Input for this task:
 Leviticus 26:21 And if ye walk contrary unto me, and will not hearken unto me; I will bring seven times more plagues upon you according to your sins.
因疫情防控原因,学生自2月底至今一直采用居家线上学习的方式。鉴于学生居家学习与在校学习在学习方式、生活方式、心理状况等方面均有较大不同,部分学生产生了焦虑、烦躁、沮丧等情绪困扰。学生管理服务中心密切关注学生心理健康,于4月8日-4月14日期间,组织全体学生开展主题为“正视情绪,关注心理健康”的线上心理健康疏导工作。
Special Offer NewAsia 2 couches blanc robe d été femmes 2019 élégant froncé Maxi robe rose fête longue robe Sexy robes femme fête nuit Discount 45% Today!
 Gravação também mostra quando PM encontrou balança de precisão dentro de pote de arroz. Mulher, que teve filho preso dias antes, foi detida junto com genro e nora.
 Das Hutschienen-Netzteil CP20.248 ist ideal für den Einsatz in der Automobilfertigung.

--

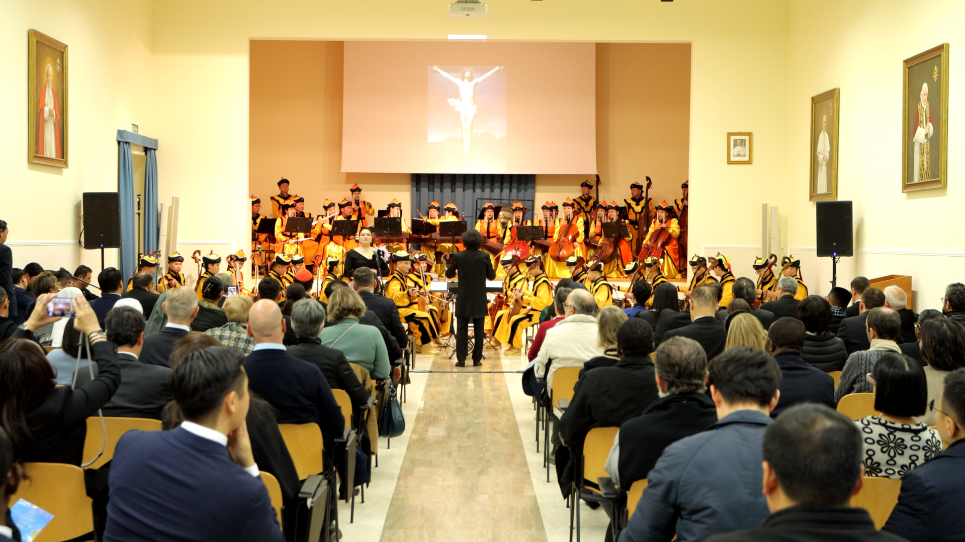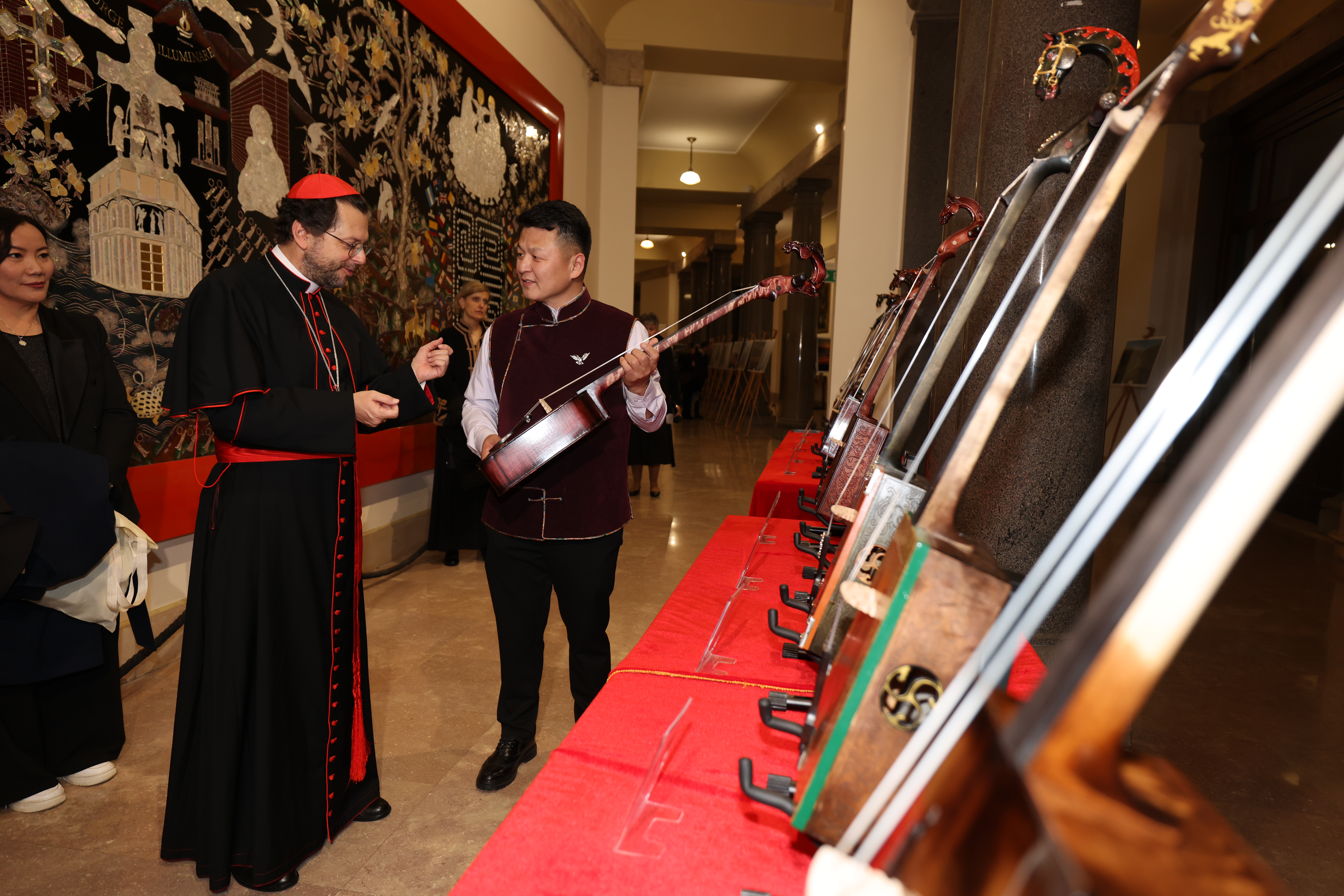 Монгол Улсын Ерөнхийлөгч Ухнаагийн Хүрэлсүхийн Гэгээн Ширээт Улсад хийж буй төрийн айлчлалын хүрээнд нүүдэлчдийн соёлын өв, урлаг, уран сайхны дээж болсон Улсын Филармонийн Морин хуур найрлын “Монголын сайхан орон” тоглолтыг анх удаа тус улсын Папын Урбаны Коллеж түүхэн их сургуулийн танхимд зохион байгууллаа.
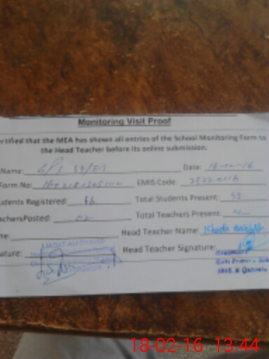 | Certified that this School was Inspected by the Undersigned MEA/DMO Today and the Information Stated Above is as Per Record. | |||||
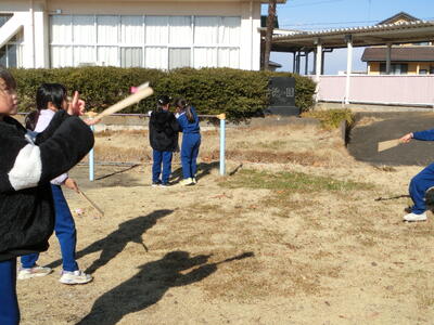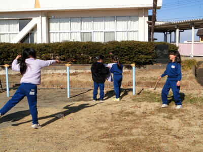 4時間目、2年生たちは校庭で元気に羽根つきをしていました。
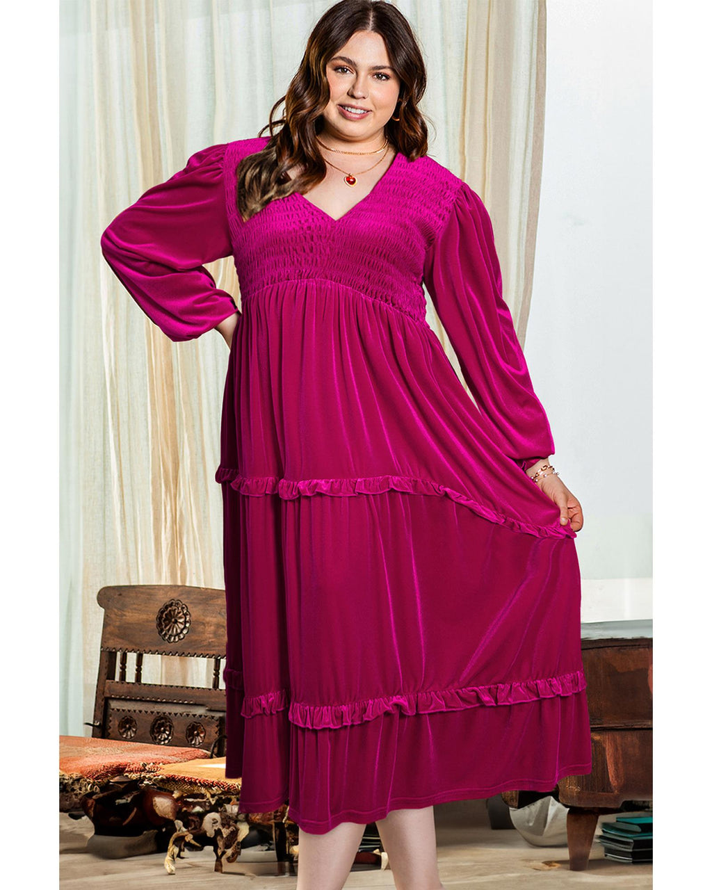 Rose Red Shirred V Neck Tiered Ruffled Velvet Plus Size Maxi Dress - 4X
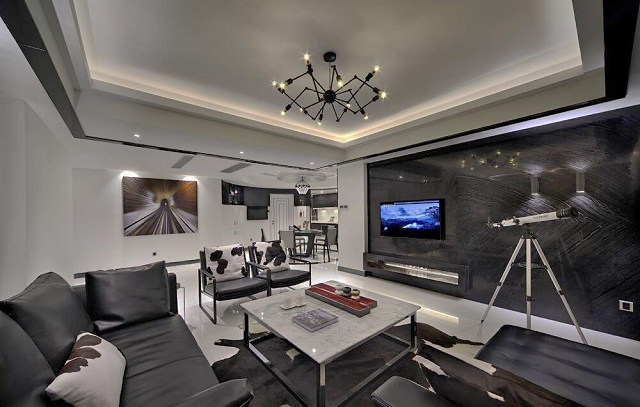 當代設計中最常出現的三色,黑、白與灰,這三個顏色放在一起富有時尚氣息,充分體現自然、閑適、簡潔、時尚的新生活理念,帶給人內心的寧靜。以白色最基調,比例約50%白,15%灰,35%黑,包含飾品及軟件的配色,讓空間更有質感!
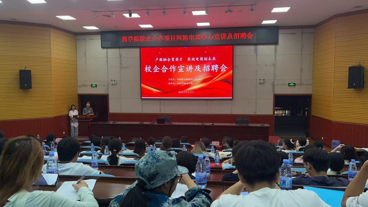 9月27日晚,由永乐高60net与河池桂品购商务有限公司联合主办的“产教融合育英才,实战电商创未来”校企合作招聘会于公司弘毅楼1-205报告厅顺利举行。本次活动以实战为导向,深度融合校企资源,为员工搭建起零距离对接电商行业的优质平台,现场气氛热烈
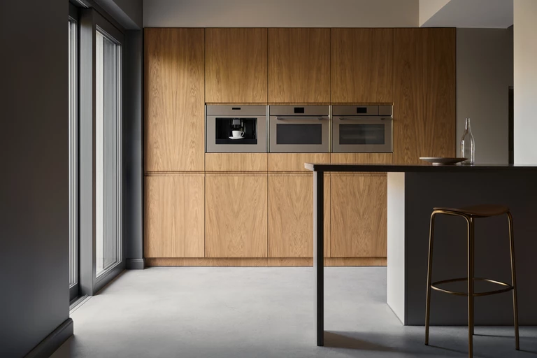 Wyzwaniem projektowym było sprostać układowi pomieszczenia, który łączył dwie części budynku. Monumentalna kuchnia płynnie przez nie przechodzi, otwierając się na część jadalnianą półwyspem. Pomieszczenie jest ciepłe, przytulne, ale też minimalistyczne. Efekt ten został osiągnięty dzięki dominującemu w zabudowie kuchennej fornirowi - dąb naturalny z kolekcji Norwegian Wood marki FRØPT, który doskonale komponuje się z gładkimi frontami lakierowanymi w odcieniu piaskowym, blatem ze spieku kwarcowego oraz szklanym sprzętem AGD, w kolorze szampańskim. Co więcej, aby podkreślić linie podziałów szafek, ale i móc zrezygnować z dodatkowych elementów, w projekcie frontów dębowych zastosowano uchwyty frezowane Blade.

--

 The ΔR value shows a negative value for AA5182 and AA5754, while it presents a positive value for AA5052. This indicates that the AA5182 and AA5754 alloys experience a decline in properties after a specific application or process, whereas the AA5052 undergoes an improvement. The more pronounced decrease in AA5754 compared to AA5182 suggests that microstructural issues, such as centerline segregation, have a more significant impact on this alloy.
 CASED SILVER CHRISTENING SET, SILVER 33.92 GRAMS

Exercise requirements: A clean copy is needed of the lines above from the one with "Record. | |||||" up to and including the one with "Wyzwaniem projektowym było". Please set it down exactly, with no pictures.

Exercise solution:
 | Certified that this School was Inspected by the Undersigned MEA/DMO Today and the Information Stated Above is as Per Record. | |||||
 4時間目、2年生たちは校庭で元気に羽根つきをしていました。
 Rose Red Shirred V Neck Tiered Ruffled Velvet Plus Size Maxi Dress - 4X
 當代設計中最常出現的三色,黑、白與灰,這三個顏色放在一起富有時尚氣息,充分體現自然、閑適、簡潔、時尚的新生活理念,帶給人內心的寧靜。以白色最基調,比例約50%白,15%灰,35%黑,包含飾品及軟件的配色,讓空間更有質感!
 9月27日晚,由永乐高60net与河池桂品购商务有限公司联合主办的“产教融合育英才,实战电商创未来”校企合作招聘会于公司弘毅楼1-205报告厅顺利举行。本次活动以实战为导向,深度融合校企资源,为员工搭建起零距离对接电商行业的优质平台,现场气氛热烈
 Wyzwaniem projektowym było sprostać układowi pomieszczenia, który łączył dwie części budynku. Monumentalna kuchnia płynnie przez nie przechodzi, otwierając się na część jadalnianą półwyspem. Pomieszczenie jest ciepłe, przytulne, ale też minimalistyczne. Efekt ten został osiągnięty dzięki dominującemu w zabudowie kuchennej fornirowi - dąb naturalny z kolekcji Norwegian Wood marki FRØPT, który doskonale komponuje się z gładkimi frontami lakierowanymi w odcieniu piaskowym, blatem ze spieku kwarcowego oraz szklanym sprzętem AGD, w kolorze szampańskim. Co więcej, aby podkreślić linie podziałów szafek, ale i móc zrezygnować z dodatkowych elementów, w projekcie frontów dębowych zastosowano uchwyty frezowane Blade.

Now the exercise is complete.